QMy partner and I are throwing an engagement party in a month and feel completely unnerved by our situation. Not only have our families not met, they don't know about how either of us identifies. Both my partner and I are not completely out to our families. We both identify as queer, which is a term that feels a bit too radical for our traditional background.
My partner is male identified, female bodied, and will not ever have surgery or take hormones, and does not identify as trans but is not out as male to his family. Furthermore and to make things more complicated we both don't go by our birth names with each other or our friends.

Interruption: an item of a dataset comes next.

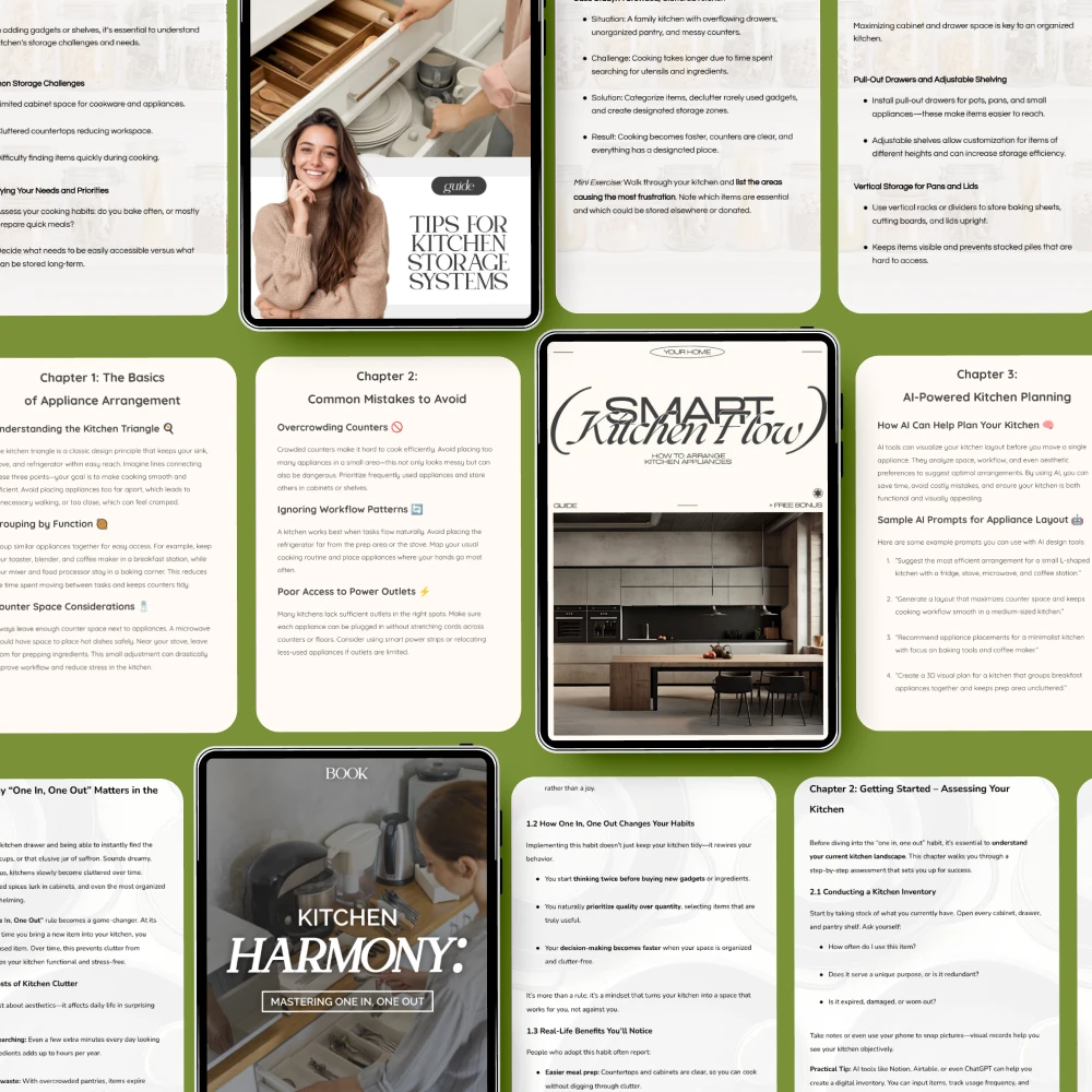 Imagine opening your cabinets and instantly knowing where everything belongs. The Smart Workflow Kit for Your Organized Kitchen is a thoughtfully designed 5-in-1 digital bundle that helps you simplify, streamline, and truly enjoy your kitchen space. Whether you’re overwhelmed by clutter, short on storage, or simply tired of inefficient layouts, this kit guides you step by step toward a calmer, more functional kitchen that fits your real life.

As we approach our engagement party where our families will meet our partner for the first time, as well as each other, we are feeling really nervous that they will be uncomfortable and confused. We don't know what to do about the situation. Should we make a video and essentially come out to them? Should we act as if there is no issue, even though they will refer to us by names we don't identify and a gender pronoun that is invalidating? How can we be ourselves and seen for who we are in this without being offensive, or go Queer Politics 101 on them? It feels so complicated; any advice would be much appreciated.
Kay
ADear Kay,
It’s great that you are thinking ahead to the engagement party and how everyone will react to all of these surprises: the names by which you want to be addressed, the gender you identify with and that you’re queer. It’s a lot to take in all at once, especially under the scrutiny of your family of choice: your friends. The purpose of the engagement party is to celebrate, not educate. I imagine you want whoever is in attendance to enjoy themselves at this festive occasion, instead of trying to follow what is happening, leading to confusion and possibly very hurt feelings.

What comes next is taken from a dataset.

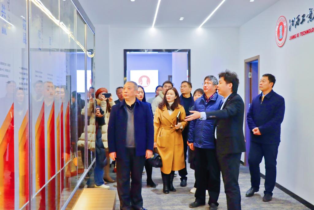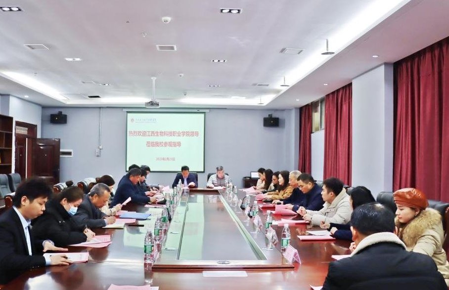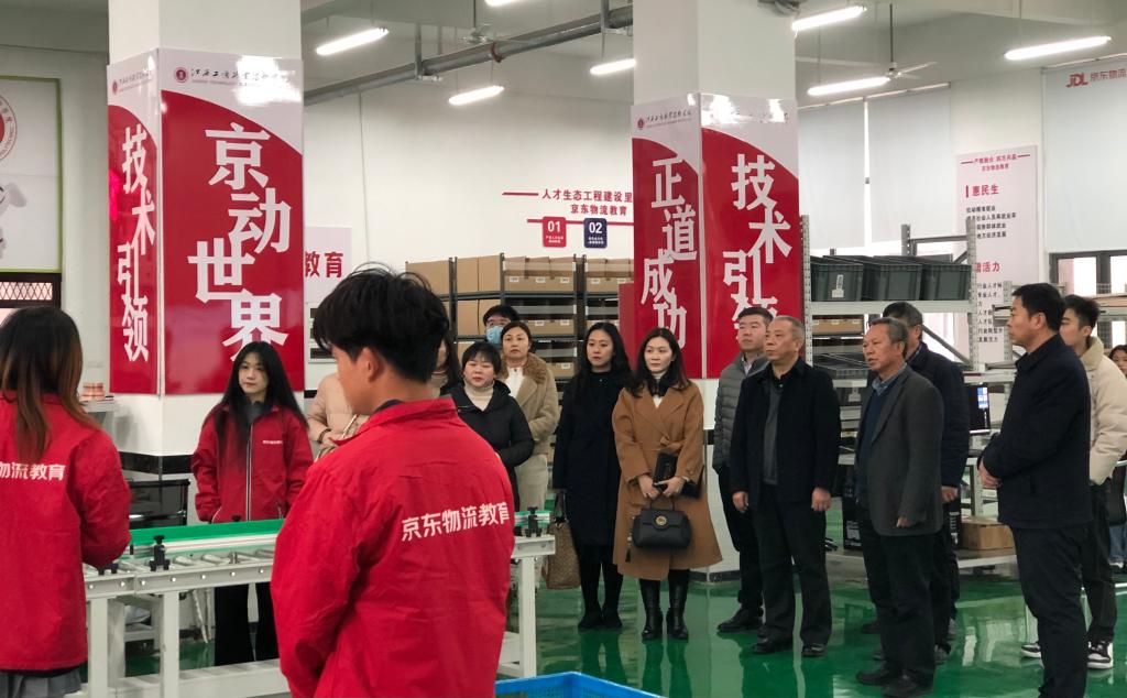 为了解校企融合发展新实践新模式,加强与兄弟院校交流合作,助力学院教学工作高效开展,2月23日,学院党委副书记刘顺华带领教务处处长、经济贸易系主任、副主任及相关专业教师一行人前往江西工商职业技术学院进行参观交流,并与该校行政主要负责人胡业华,党委副书记马江华,副校长辛绍南、黄泽友,京东物流教育大区经理徐世文等进行座谈。

They’ll be hurt not because what they’ve learned about you, but because they didn’t know it beforehand.
As hard as it might be, I think you need to tell all family members in the dark about all of these parts of who you are as individuals in advance of the party. The only way that I recommend a video is if you have family coming from different geographical regions than your own. I am discouraging the video because it’s not personal enough and it doesn’t afford your family the opportunity to ask questions. It’s out of love that they will want to better understand what you’re saying. Some might not have ever heard of the term “queer” outside of it being a derogatory, hate-filled insult, and not know that it’s been reclaimed as a term of pride. Radical activists in the 1990s especially deployed “queer” to signify empowerment and a sense of unity against the oppressive heteronormative sex/gender system in America.

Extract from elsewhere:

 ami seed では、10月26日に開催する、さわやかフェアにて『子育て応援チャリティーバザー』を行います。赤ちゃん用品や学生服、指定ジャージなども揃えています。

This conversation is best to be had in person. It can be done in a group setting for convenience. And it’s certainly best to have the conversation with as many relatives as you can, rather than hoping the message can get passed along by the more-than-eager gossiping family members we all have. It would be like the game “Telephone,” and I quiver imagining how everything you’re telling me will get lost in translation as Aunt Betty tries to explain to Great Grandpa what it means that your partner identifies as a man but isn’t getting gender-reassignment surgery and wants him to call him by a male name.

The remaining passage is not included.